Não, não se trata de exagero nem ironia caracterizar o Governo Lula como do PT/Centrão. Embora o PT tenha ficado com ministérios centrais (Fazenda, Desenvolvimento Social, Educação e Casa Civil), assim como Saúde e Justiça ficaram também com a esquerda, é fato que praticamente toda a área de infraestrutura está nas mãos do Centrão (Ministérios de Energia, Transportes, Portos e Aeroportos, Cidades, Integração Nacional e Comunicações), além de Planejamento, Agricultura, Pesca, Turismo, Esportes e estatais como Caixa, Codevasf e Funasa.
Era óbvio que Lula, eleito presidente, deveria buscar atrair partidos de centro-direita para poder aprovar alguma coisa no Congresso Nacional. Não obstante os 51% dos votos dados a Lula, as bancadas de esquerda e centro-esquerda dos partidos que o apoiaram no 1º turno (PT, PSol, PCdoB, PSB, Rede, PV, Avante, Solidariedade e PROS), acrescidas do PDT, somavam apenas 139 deputados (27% do total) e 16 senadores (20%).
Foi decidido, portanto, ampliar à direita. Inicialmente, foram atraídos o MDB, tradicional “balaio de gatos”, e o PSD do “camaleão” Kassab (homem forte do Governo Tarcísio, em São Paulo), espécies de Centrão não assumido. Embora a bancada governista tenha crescido para 225 deputados, ainda era minoria na Câmara (44%), com uma tênue maioria no Senado (42 senadores, ou 52%).

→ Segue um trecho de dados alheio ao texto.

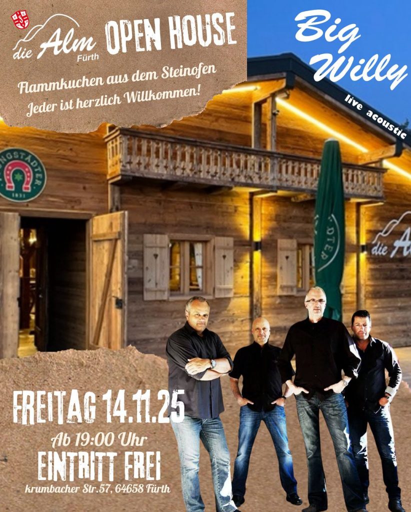 „Big Willy“, die Hochleistungskapelle aus dem Odenwälder Grenzgebiet klopft den Schnee von den Verstärkern und macht sich auf die Reise über die schneebedeckten Hügel um das Weschnitztal nach Fürth. Big Willy verhackstückt schöpferisch nahezu alles, was die letzten fünfzig Jahre nicht schnell genug in der Versenkung verschwinden konnte. Dabei demonstrieren die Musiker glaubhaft, dass es hierzu keiner allzu verzerrten Stromgitarren, filigranen Soundspielereien und übermäßigem technischem Firlefanz bedarf. Eine akustische Gitarre, ein Holzbass, ein Akkordeon und diverse Trommeln, das ist alles, was die vier auf ihrem Streifzug durch die Musik brauchen.
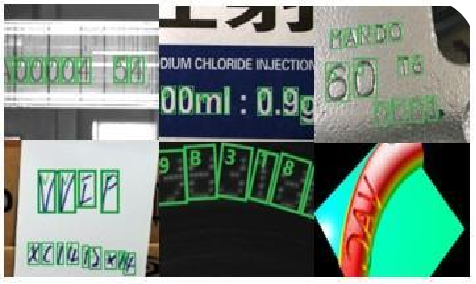 ● 字符识别:利用深度学习技术,自主学习各类场景中不同类型的字符,包含数字、字母、文 字等其他特 殊字符,实现复杂环境下字符的高精度识别,识别速度快、准确率高。通过3D相机对于低对比度场景下的凹凸字符识别,可实现轮胎表面文字,反光金 属表面铭文等凸起符号检测。
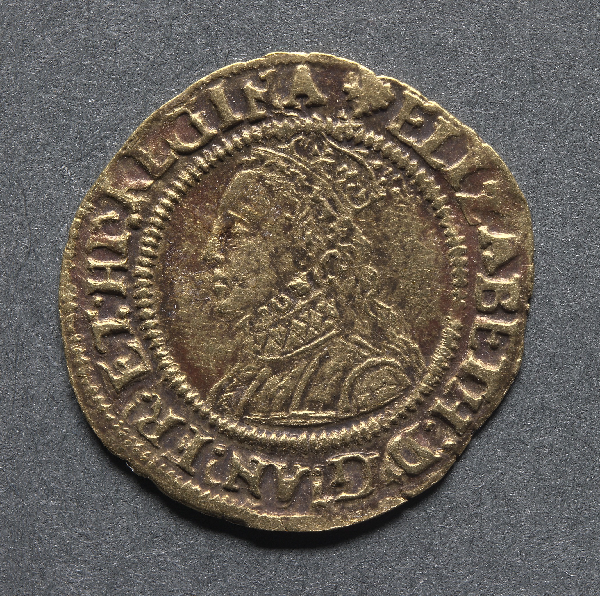 Elizabeth I bust facing left on coin. The coin is circular and made of bronze. The Queen has a ruffled collar and curly hair, a crown on her head. There is text around the edge of the coin. The coin has a rope-like design around the edge and in the center. The coin is on a gray background.
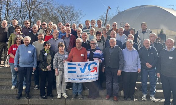 Martin Benner aus der EVG-Fachabteilung Beamtenpolitik und Bildung hatte Informationen für die Ruhestandsbeamt:innen im Gepäck. Die Besoldungserhöhung für Beamt:innen durch die Übertragung des ÖD-Tarifergebnisses, und damit die Erhöhung der Versorgung ist aus einer Reihe von Gründen immer noch nicht auf den parlamentarischen Weg gebracht worden. Immerhin gab es bereits eine Abschlagszahlung und im Mai wird es eine weitere geben.

Decidiu-se, então, ir mais à direita e atrair o “Centrão raiz” – União Brasil (fusão do DEM com o PSL), PP e Republicanos. Com a entrada de 149 deputados e 17 senadores desses três partidos, a bancada governista passou a 73% dos deputados (374) e senadores (59). Fora do governo ficaram o PL (98 deputados e 12 senadores) e os nanicos autoproclamados “liberais éticos” (PSDB, Podemos, Cidadania, Novo e PRD), com 41 deputados e 10 senadores.
Mas o fato é que os 139 deputados dos nove partidos de esquerda e centro-esquerda são franca minoria na bancada governista na Câmara, ante os 235 deputados dos partidos de direita e centro-direita. O mesmo ocorre com os 16 senadores dos partidos progressistas ante os 43 senadores dos partidos conservadores.

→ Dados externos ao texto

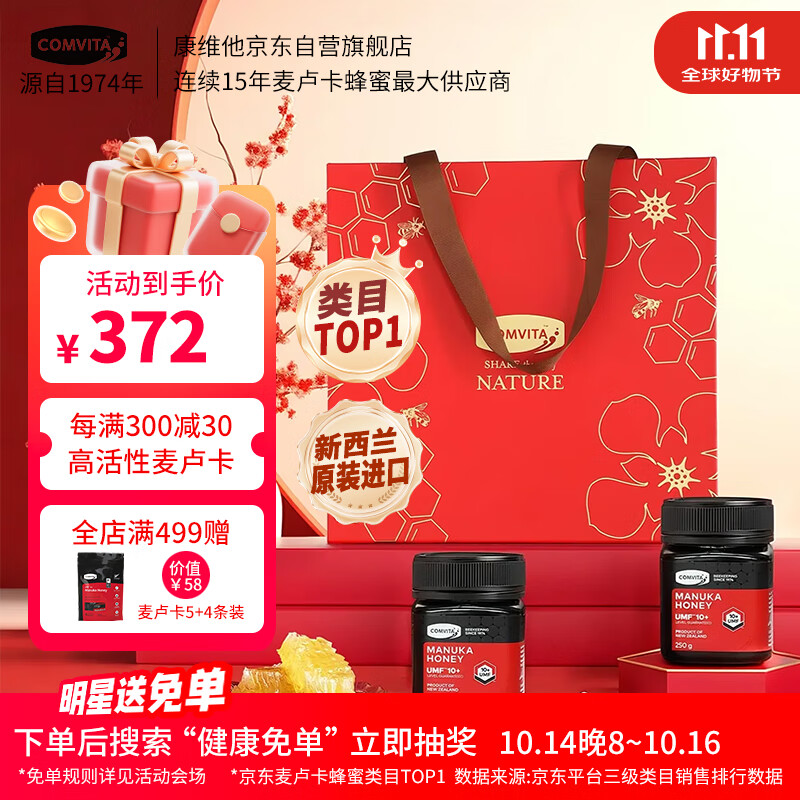 康维他(Comvita)麦卢卡蜂蜜礼盒装UMF10+ 250g*2瓶滋补营养品 送父母长辈节日礼物
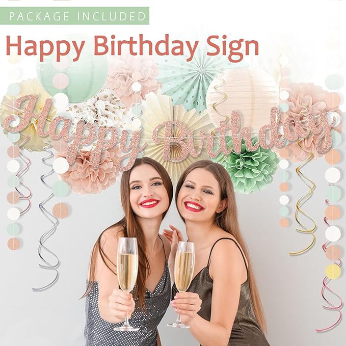 - Easy to Assemble: The paper fan and paper lanterns are easy assemble, the birthday banners can be diy, the circle dots paper banner has been assembled but tissue paper pompoms take more time to put together, please diy with the instructions. Pink and Green Gold Balloon Set is matched with a balloon chain, which can make a balloon arch, string the balloons together and hang them on the door, wall, fence
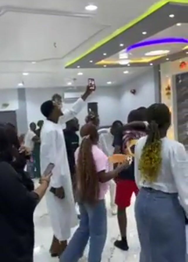 group of people dancing and enjoying themselves in a large, well-lit hall. Some people are taking videos with their phones, while others are clapping and cheering. The atmosphere appears celebratory. The hall has a modern design, with a decorated stage area in the background. Many people are standing and watching, seemingly enjoying the music and dancing. Chairs are lined up in rows, indicating a possible event or gathering. The people are diverse in age and appearance, dressed in casual and semi-formal attire.
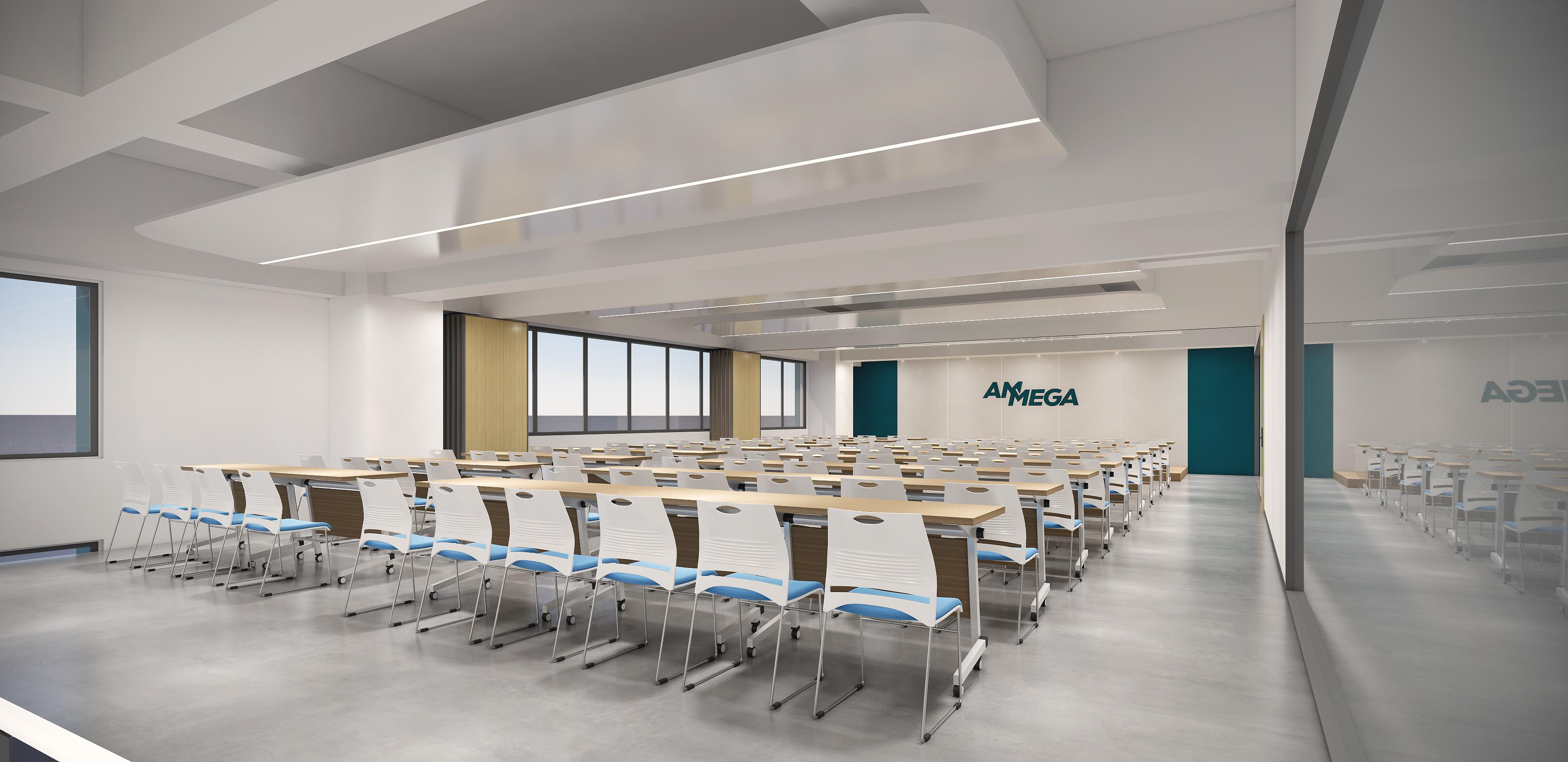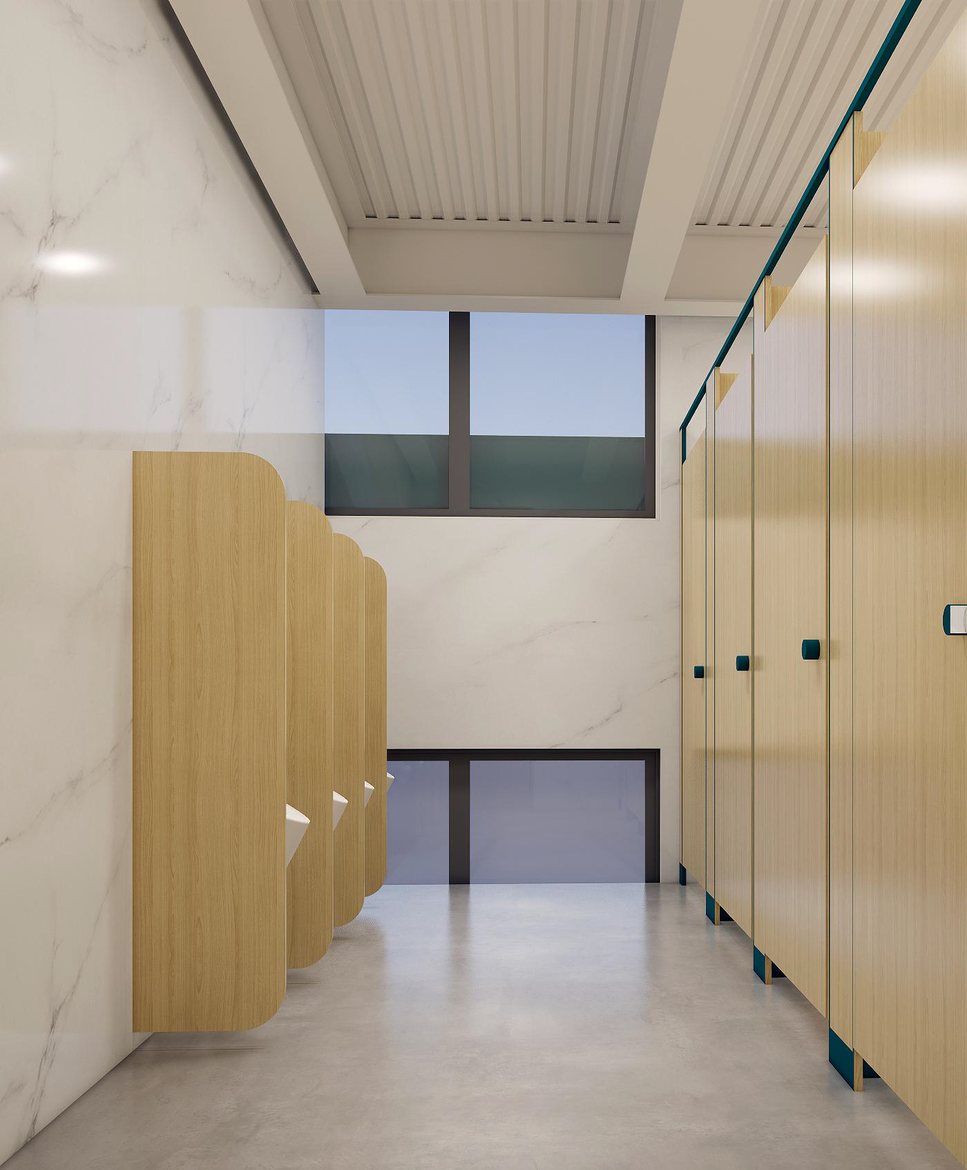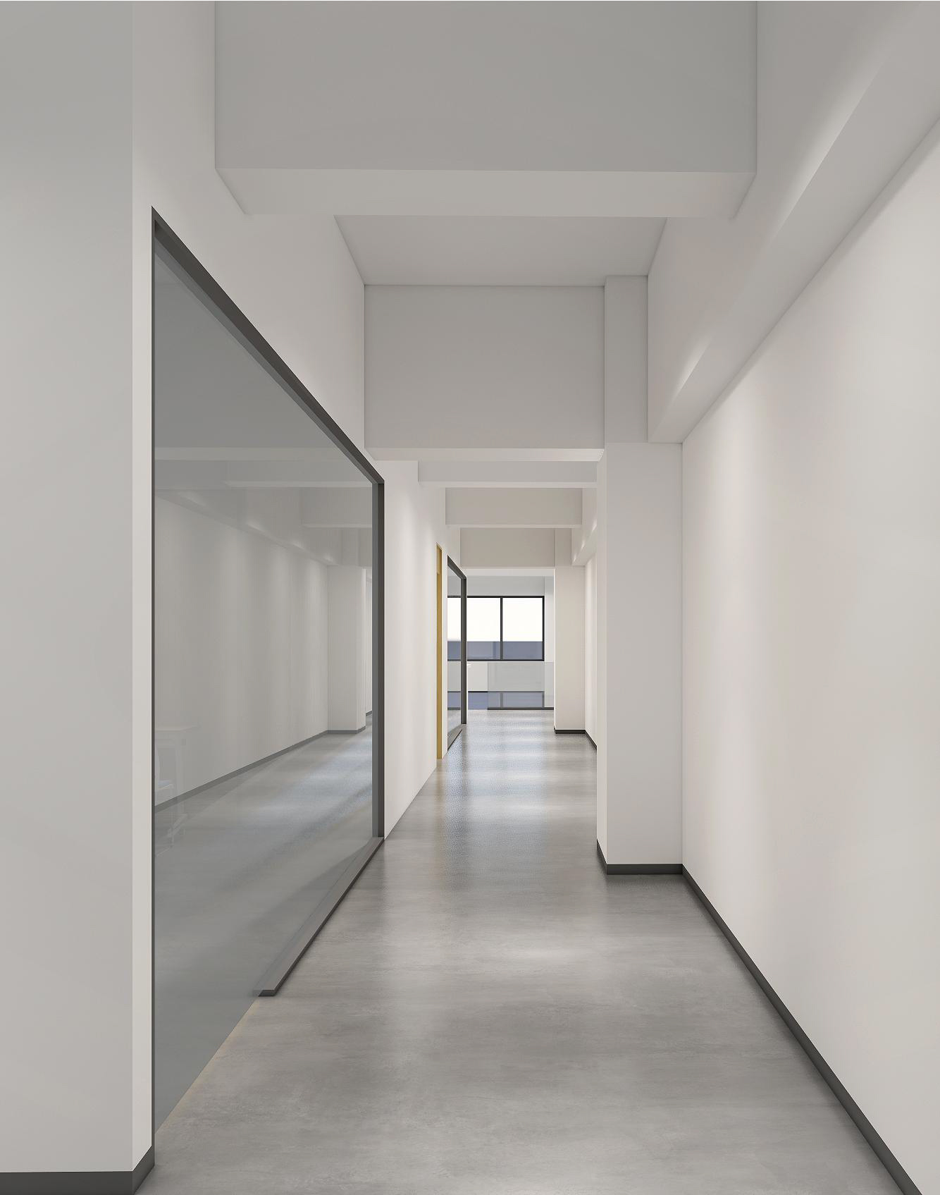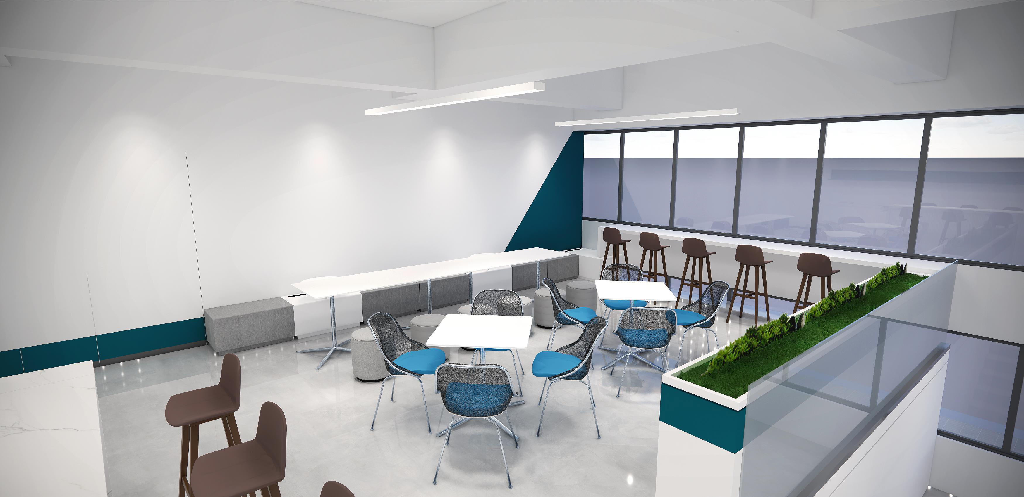 墻面幾何線條的使用,突出現(xiàn)代感,同時(shí)增加動(dòng)感。冷色調(diào)墻面強(qiáng)調(diào)科技感,開(kāi)放式布局,空間更加通透、流動(dòng)。

Embora a atração do Centrão tenha se dado mediante a ampla concessão de emendas parlamentares e a entrega de ministérios e estatais, isso não implicou na entrega de todos os votos ao governo, e tampouco significou a adesão ao programa que elegeu Lula. Pelo contrário. Esta é a questão.

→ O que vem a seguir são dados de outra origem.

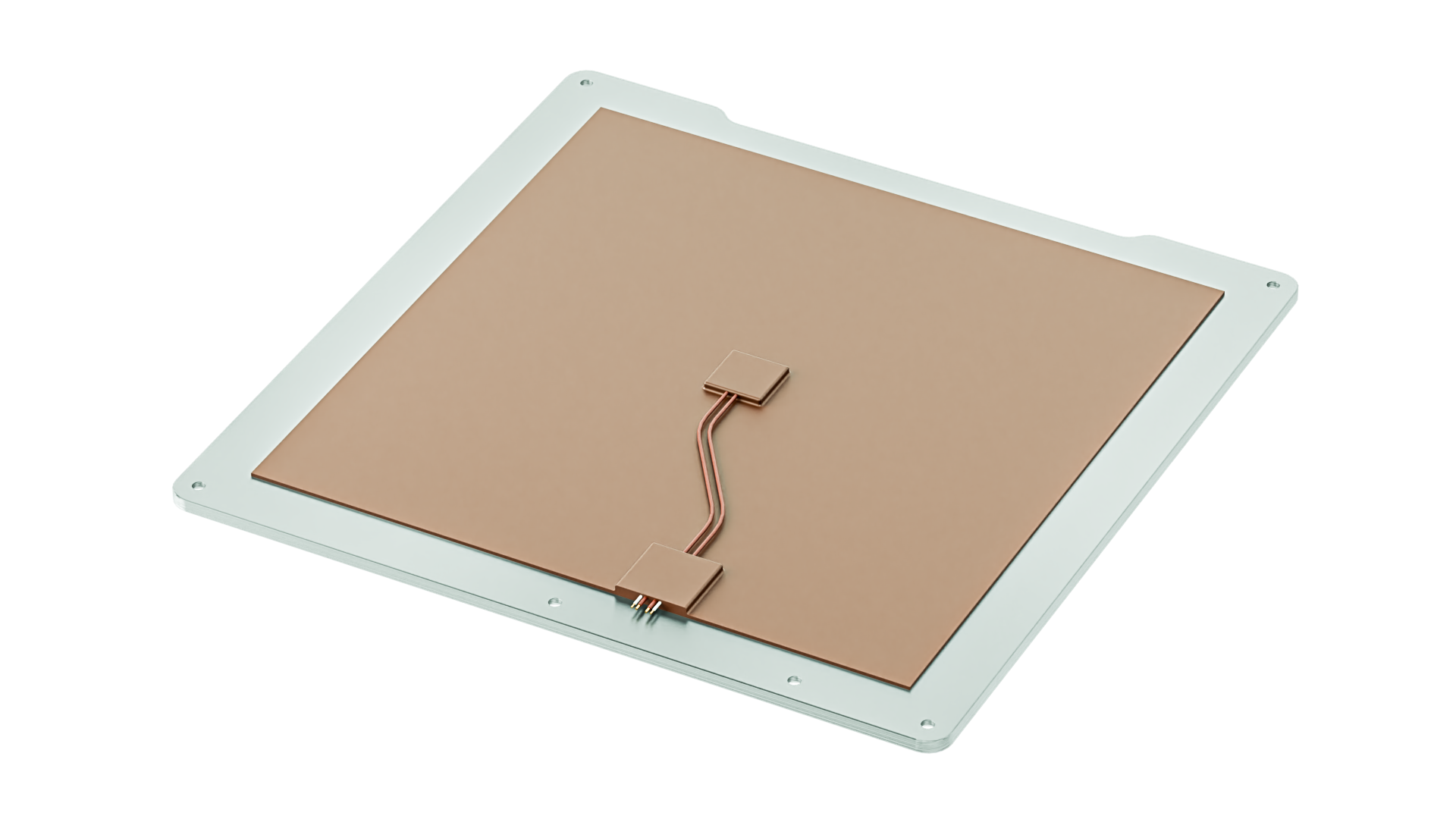 Custom Keenovo Heat Pad with pre-wired 157ºC Thermal Fuse for extra safety (Optional). The wiring comes out of the pad slightly off-center, so it's neatly guided to the back of the machine without interfering with the bed mounting point at the back.
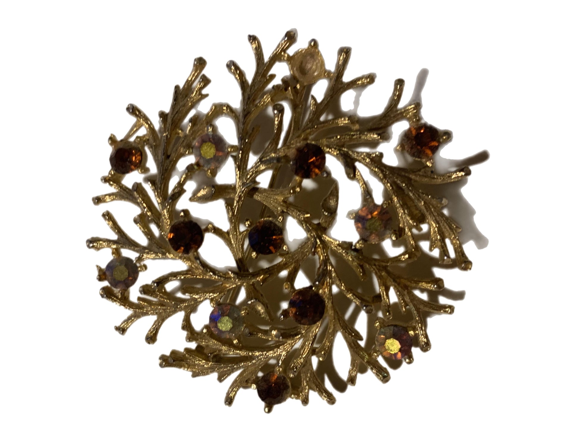 Gold tone metal filigree branching circle brooch with topaz colored rhinestones and aurora borealis rhinestones. Missing one stone. By Lisner. 2 1/8".
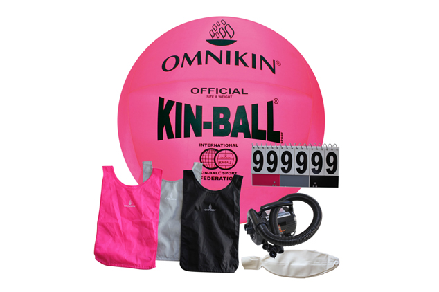 Komplett spille sett for Kin-ball med 1 Kin-ball, 1 kompressorpumpe, 12 spillevester, 1 poengtavle og en ekstra innerblære til Kin-ball.

Não obstante a aprovação pelo Congresso da retomada de programas sociais importantes (Bolsa Família, Minha Casa Minha Vida, Mais Médicos, Farmácia Popular, FIES), o Centrão dará seus votos para uma pauta que vá na linha da tão necessária transformação da estrutura social do Brasil?
Até agora, as duas votações mais relevantes no Congresso (aprovação do Arcabouço Fiscal e simplificação da estrutura tributária) tiveram o apoio do Centrão, pois têm natureza nitidamente liberal. Mas, quando chegarem pautas como a tributação sobre renda e riqueza, reforma agrária e reforma política, como votará o Centrão?
Eu desconfio, e tenho o pressentimento de que, sem mobilização social, nenhum avanço relevante ocorrerá.
Palestina – Finalmente, o posicionamento do Governo Lula encontrou o tom certo. Após um período titubeante, com a apresentação de uma resolução no Conselho de Segurança da ONU que fazia clara concessão aos EUA e a Israel, ao não propor um imediato cessar-fogo, Lula, após condenar o insano assassinato de 1.200 pessoas no sul de Israel (900 civis), finalmente denunciou os crimes de guerra cometidos pelo governo de Netanyahu, com o apoio de Biden.
A carnificina em Gaza vem se intensificando: 12 mil civis mortos, sendo 5 mil crianças, 220 mil casas destruídas e 1,5 milhão de pessoas deslocadas, enquanto cresce a repressão na Cisjordânia (200 mortos) e os bombardeios no Líbano (90 mortos) e na Síria (20 mortos).
Um cessar-fogo se impõe. E numa clara retaliação pelo não alinhamento do Brasil com as potências ocidentais, Israel postergou injustificadamente a saída de brasileiros de Gaza. Para culminar, o embaixador de Israel no Brasil fez críticas públicas a Lula e se reuniu com a bancada bolsonarista no Congresso e com o próprio Bolsonaro, numa evidente intromissão na política interna brasileira.
O que o Governo Lula está esperando para declarar esse embaixador “persona não grata”?